Jobsite trailer

To give you a little description of my work, I build custom homes in old established neighbourhoods. The project would consist of demolishing a single family detached home and erecting a two story home. From demolishing, to the roof and until exterior cladding, the jobsite will without power. I have used the neighbours power which has bee satisfactory except for the occasional tripping of the fuse I've looked into the local power company providing temporary power, but that costs roughly $2000 per house. So, I looked into solar power and found that it is doable to provide power to the site using a 3kW modified sine inverter running off of the trucks batteries. Since, I leave my enclosed trailer onsite, I thought about placing solar panels onto the roof, and the remaining system, (control charger, battery bank and inverter) inside the trailer. However, I don't know how many or size of the panels and batteries. The majority of the power will be circular saws, miter saw, table saw and charging batteries. The air compressor will be gas powered. Technically, the most power used is during the framing. Now I would like to add a small fridge and microwave to the list, but those items are not required. Especially, if they require me to raise the cost of the system.

Thanks for taking the time to read this and respond.

Comments

  • BB.BB. Posts: 27,931Super Moderators, Administrators admin
    Welcome to the forum Nomad.

    When designing solar power--We really need to start with how much power you need. In general, solar power is not cheap and a relatively large solar array to provide more than a "minimal" amount of electrical energy.

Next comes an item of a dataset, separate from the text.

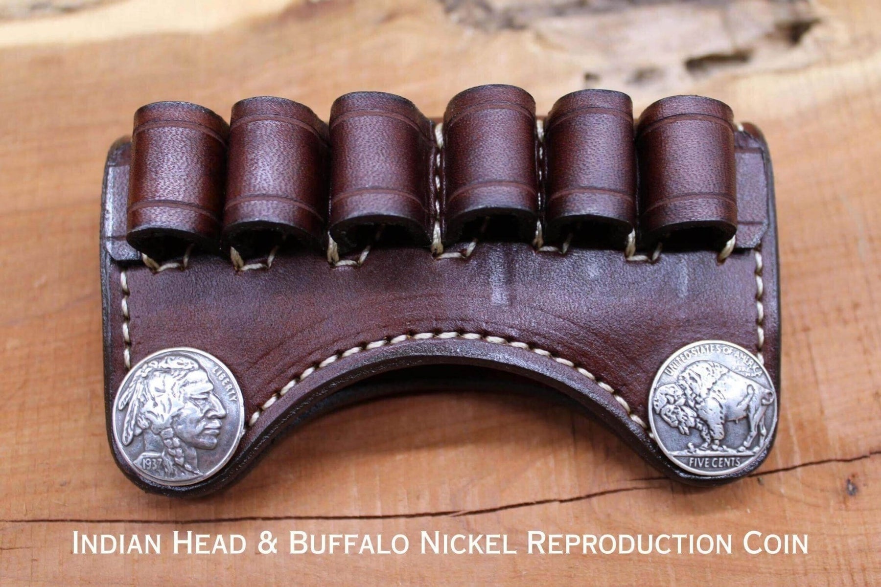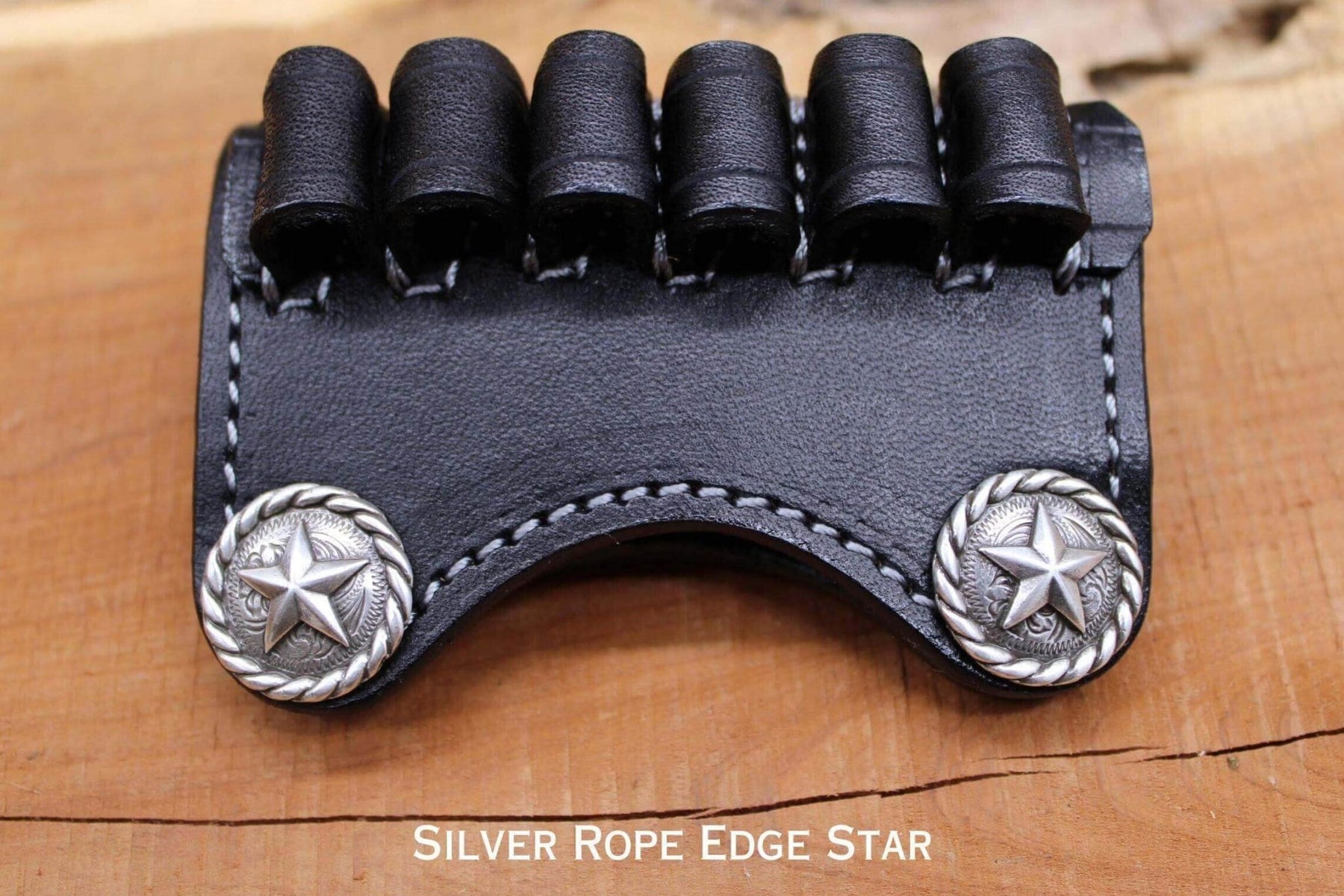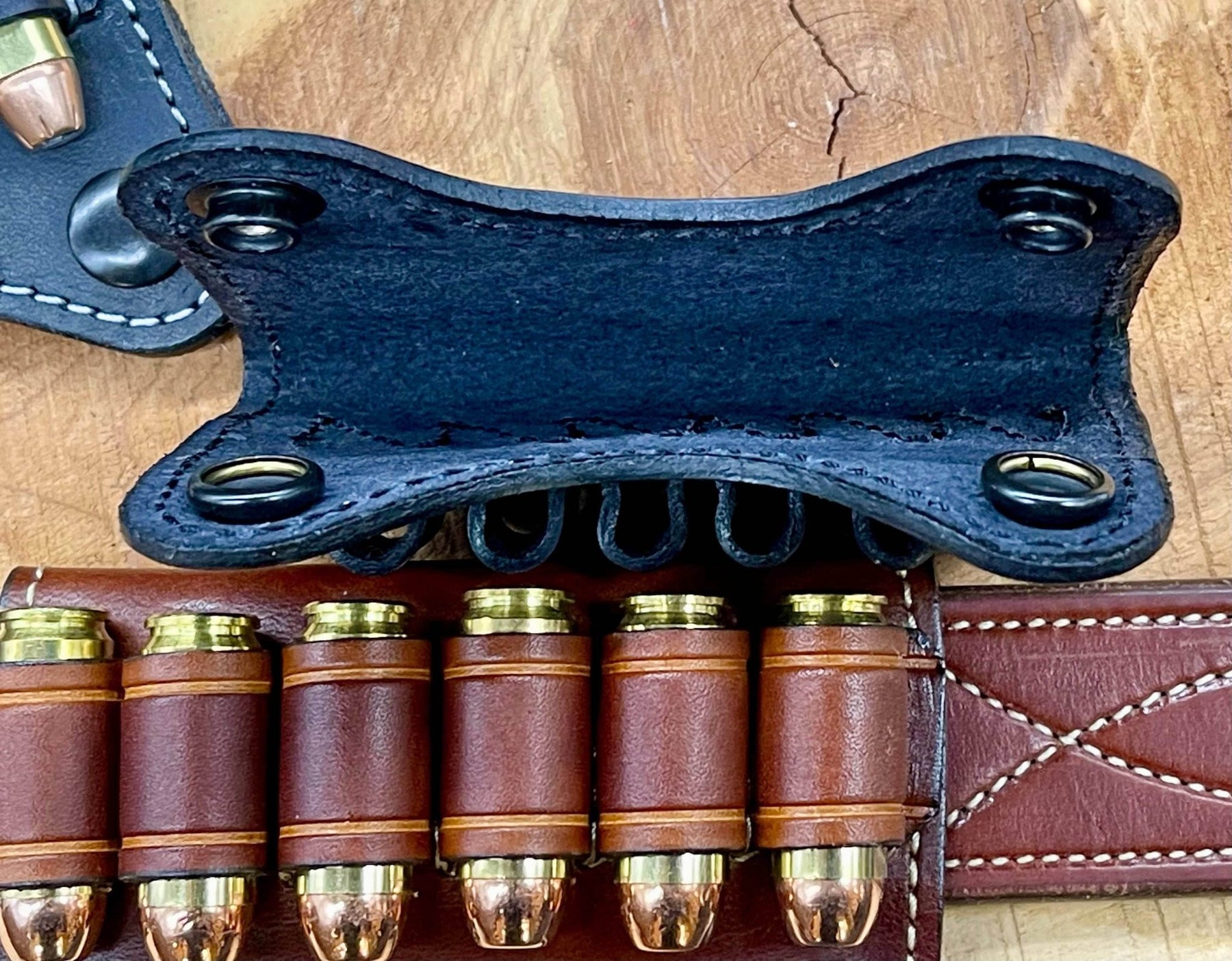 Customization at its Finest: Personalize your ammo slide with your choice of leather and stitch color, reflecting your unique style and preferences. Whether you prefer the rugged appeal of a classic brown or the sleek finish of black, our hand-stitched craftsmanship guarantees durability and elegance.

    For example, say you can fit 4 of these

    http://www.solar-electric.com/solar-panels-mounts-kits-accessories/solarpanels/solarworld-solar-panels/solarworld-sunmodule-sw-315-monocrystalline-solar-panel.html
    Pmax: 315 Watts
    Voc: 45.6 Volts
    Vmp: 36.5 Volts
    Isc: 9.35 Amps
    Imp: 8.71 Amps

    Weight: 49.6 Pounds
    Dimensions: 78.15" x 38.98" x 1.81"

    In a reasonably sunny climate, you can get a minimum of 4 hours of sun for ~9 months a year. Such a system would generate around:
    • 4x 315 Watt panels * 0.52 typical system eff * 4.0 hours of sun per day = 2,621 WH per day = 2.6 kWH per day
    And a reasonably large enough battery bank to run this load would be:
    • 2,621 WH per day * 1/0.85 inverter eff * 2 days of storage * 1/0.50 maximum discharge * 1/24 volt battery bank = 514 AH @ 24 volt battery bank
    Or roughly 12x 6 volt @ 200 AH "golf cart" batteries... And the maximum size recommended AC inverter would be around 2.5 kWatts.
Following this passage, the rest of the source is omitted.